INJURY: Out 'till January

This Monday I had two appointments: First I went to see Dr. Duggan's resident physiotherapist, and in the evening I was pencilled in for an MRI scan at the Charlemont Clinic.

The physiotherapist was quite extraordinary, not only did he act more like a doctor (and I suspect that whatever he was, he was certainly a learned scholar with a comprehensive medical education), he was just as hard and damning in his statement as Dr. Duggan.

He had a quick look over me and had me do a few strength exercises including one-legged calf-raises and squats. After that he concluded that while I had good strength in my quads, my lower leg strength was not just bad, it was "shocking for a semi-serious runner".

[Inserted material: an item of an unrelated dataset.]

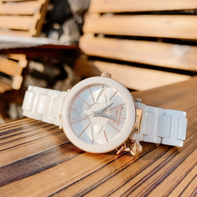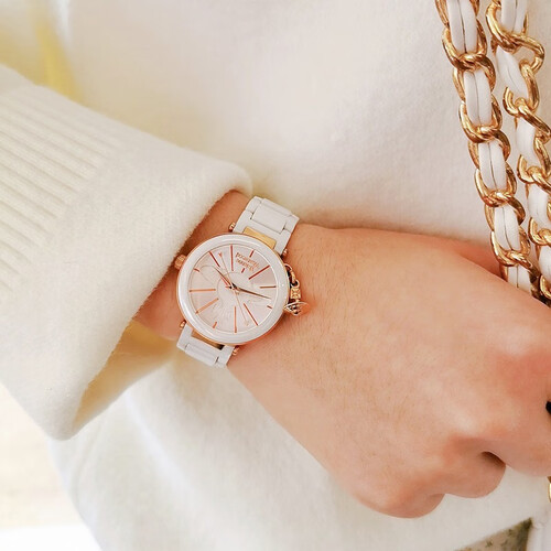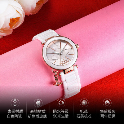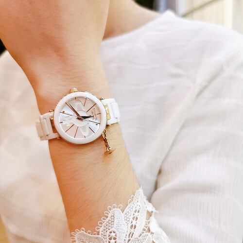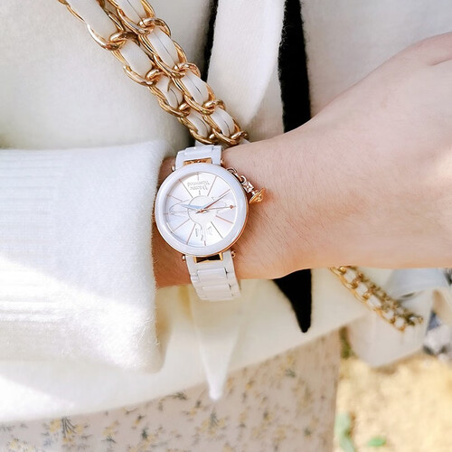 白色基调的陶瓷手表,金色线条勾勒表圈,与土星标识相呼应,彰显清新精致风格。30米生活防水,无惧雨淋,日常洗手不用摘。
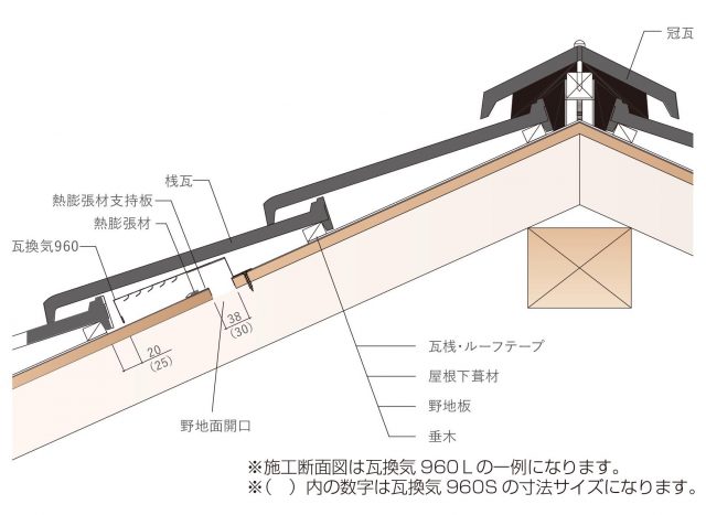 瓦と野地板の間の空間を利用する換気部材「瓦換気960」に、換気量・防水性能はそのままに、準防火地域などで使える防火仕様をラインアップ。

What followed was more or less a lecture on how I was wasting my time anyway with such muscle deficiencies. Emma had pointed out this suspicion earlier, and with a life of sloth behind me, it's not so surprising in the cold light of day.

The bad new didn't stop there, however, as he quickly agreed on the Plantar diagnosis. Listening ot my story, however, he did not believe it to be tendon damage, instead he said it was more likely that I suffered a heelbruise (as I had thought myself) back on Snowdon 2007, when I, coming down with a stomach cramp in poorly protected Mudclaws, banged my heel straight against a rock.

Apparently heel bruises can take 6-12 months to heal minimum, and continuing to run would, of course, delay this. He assessed that the heelbruise probably had the form of bone damage, and that this damage had caused the irritation that now shows up as semi-chronic plantar.

I was immediately put on a strict calf-strengthening program, and, in addition, ordered to start working weights a minimum of three times per week (an order I have duly obliged to guided by my new book "The Ultimate Guide to Weight Training for Running", which is a great practical ressource that is currently giving me the best workouts of my life).

When I asked the obvious question on when I'd be back, he said I'd be lucky to be back running in January, but they would have to await final results from the MRI scan.

The Wait
I was supposed to get the results today, but the good Dr. and myself kept missing each other on the phone and now I'll have to wait until Monday to get the results. I await these very eagerly, after 13 months of sabotaged running, all I'm really looking for is finally getting a firm and conclusive diagnosis.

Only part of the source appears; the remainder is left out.